Saturday, July 16, 2011

Kids Eat, but it Ain't Free

Tonight was my night to wrangle kids with lacerations.

I hate restraining kids.  In fact, I really don't even like kids all that much.  Actually, I take that back; the kids are fine, it's the parents who suck.  That was why I stopped school nursing.

Kid 1:  2 years old and screeching blue murder.  He had a wooden splinter in the bottom of his foot.  It took Henrietta 20 minutes to get it out.  It was near the big toe.  Even wrapped in a sheet with both parents sitting on him and me holding down the foot, that big toe just couldn't be immobilized; it was like trying to nail Jello to a tree.  At least his parents were intelligent, helpful beings with realistic expectations.  They were tremendously helpful.  I stuck a Cars bandaid on his foot and he seemed happy with that.

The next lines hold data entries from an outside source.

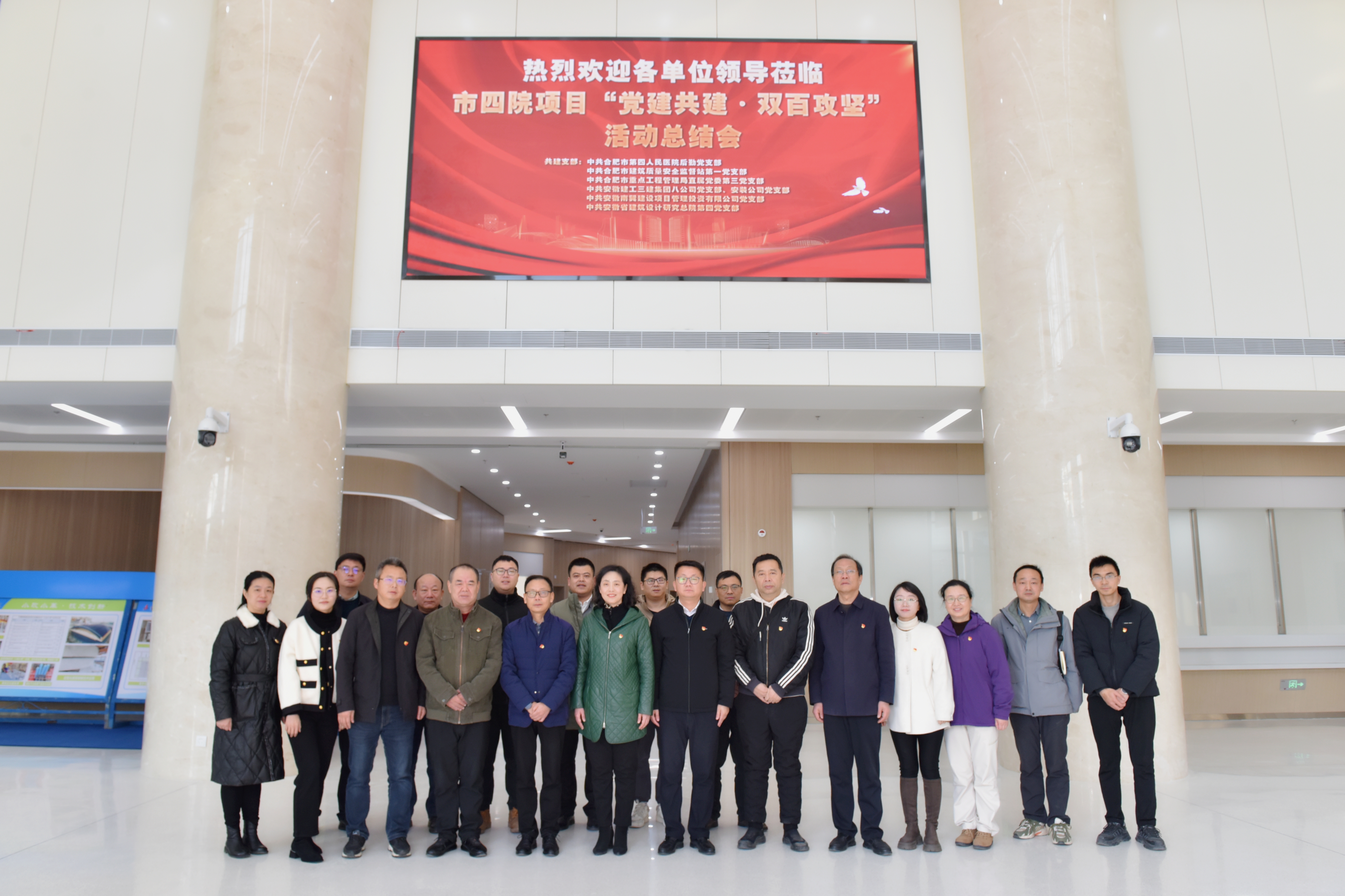 12月31日上午,合肥市第四人民醫院康復住院樓項目舉辦“黨建共建·雙百攻堅”活動總結表彰大會,并給我公司頒發感謝信和錦旗。合肥市第四人民醫院黨委書記牛伶、合肥市建筑質量安全監督站站長杜德平、合肥市重點工程建設管理局公益分局局長唐歡、安徽南巽監理公司黨支部書記張杏梅、安徽省建筑設計研究總院股份有限公司四院院長汪洋、建工三建黨委委員、副總經理張志剛等參加。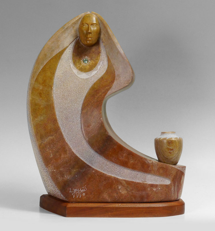 YAZZIE, Larry, (American, 20th/21st Century): Carving of Native American Indian. Overall measures 27'' h. x 21'' x 9''.
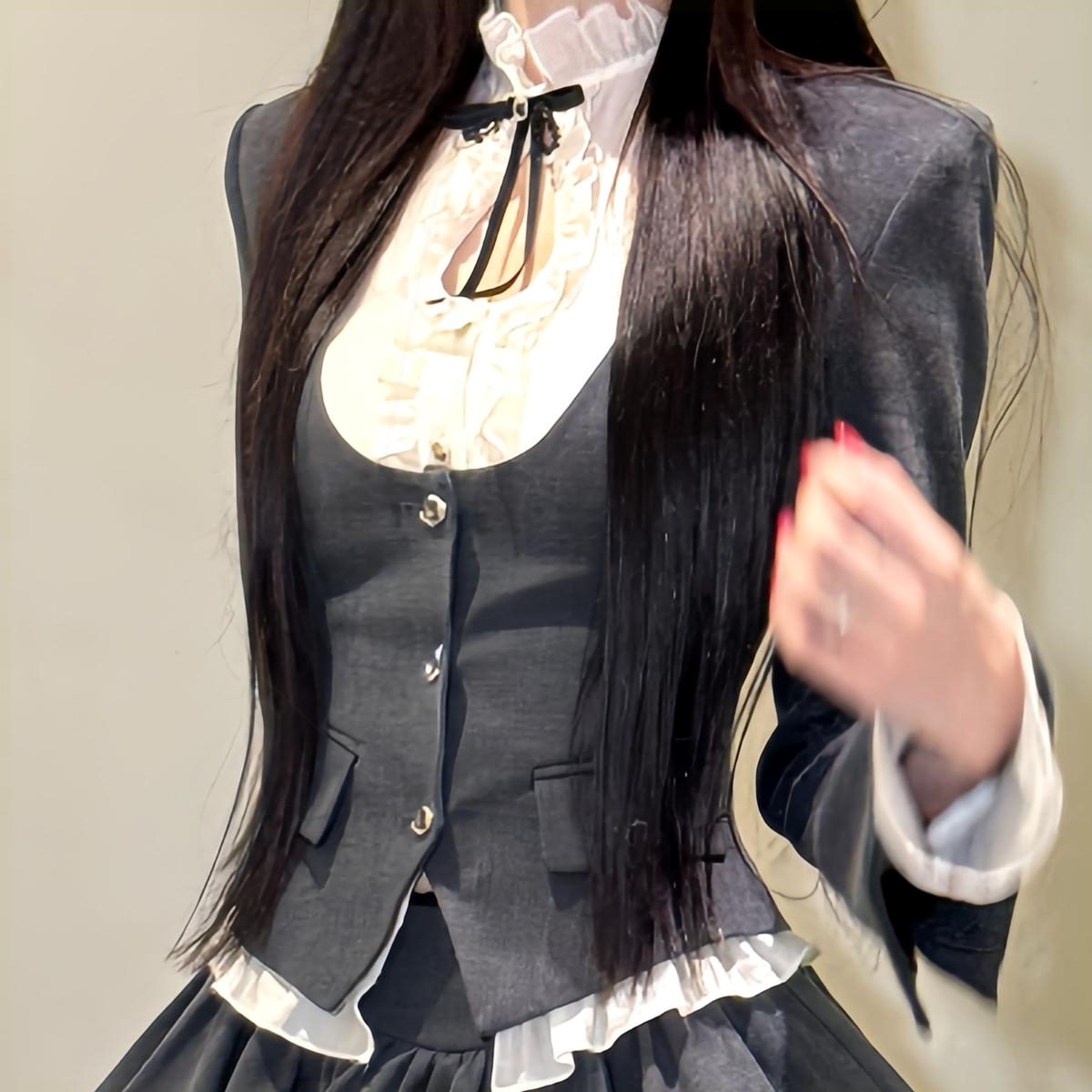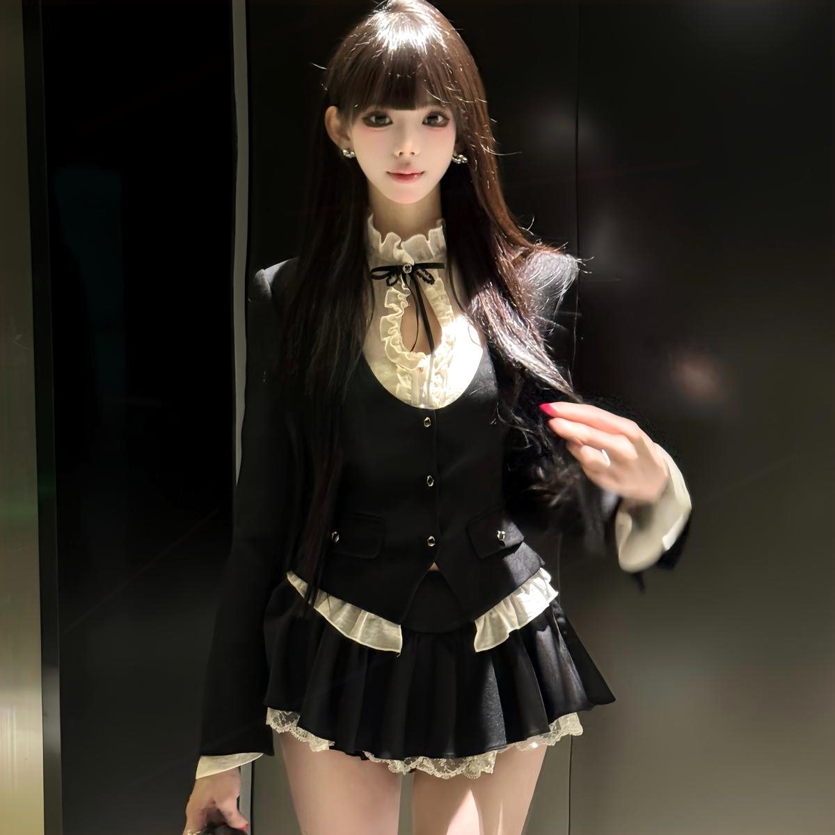 长袖短裙衬衫上衣显瘦性感时尚套装工作室原创新品YeYe法式

Kid 2: 10 years old with a teeny, tiny laceration on her thumb from the top of a dog food can.  Crying, crying and crying, albeit silently.  2 stitches.  Had to work around mom who threw herself onto the stretcher like it was an open casket.  Made a WAY bigger deal out of it than necessary.  The little girls older sister was more of an adult than the mother.

Kid 3: 18 months old with a chin laceration.  It was 50/50 whether it needed sutures or not.  Clearly, this child had never heard "no" a day in his life.  Mom was busy getting out a picnic basket full of snacks and drinks in triage.  I warned her not to feed him ( they cry so hard they usually vomit) but she would have none of it; "how else am I going to keep him occupied?". (Um, I don't know, read him a book, play a game of Parcheesi?). We were busy, it was about an hour before we could take care of him.  I refused to put him in the room until Henrietta was ready to see him the minute he went in,  By that time mom had moved through the picnic basket and was feeding him a Kit Kat.  Mom was, predictably, less than helpful.  I wrapped him in a sheet and as soon as Henrietta put in the local he screamed so much he vomited like Mt. Vesuvius.  Surprise, surprise.  This is why we tell you not to feed them. 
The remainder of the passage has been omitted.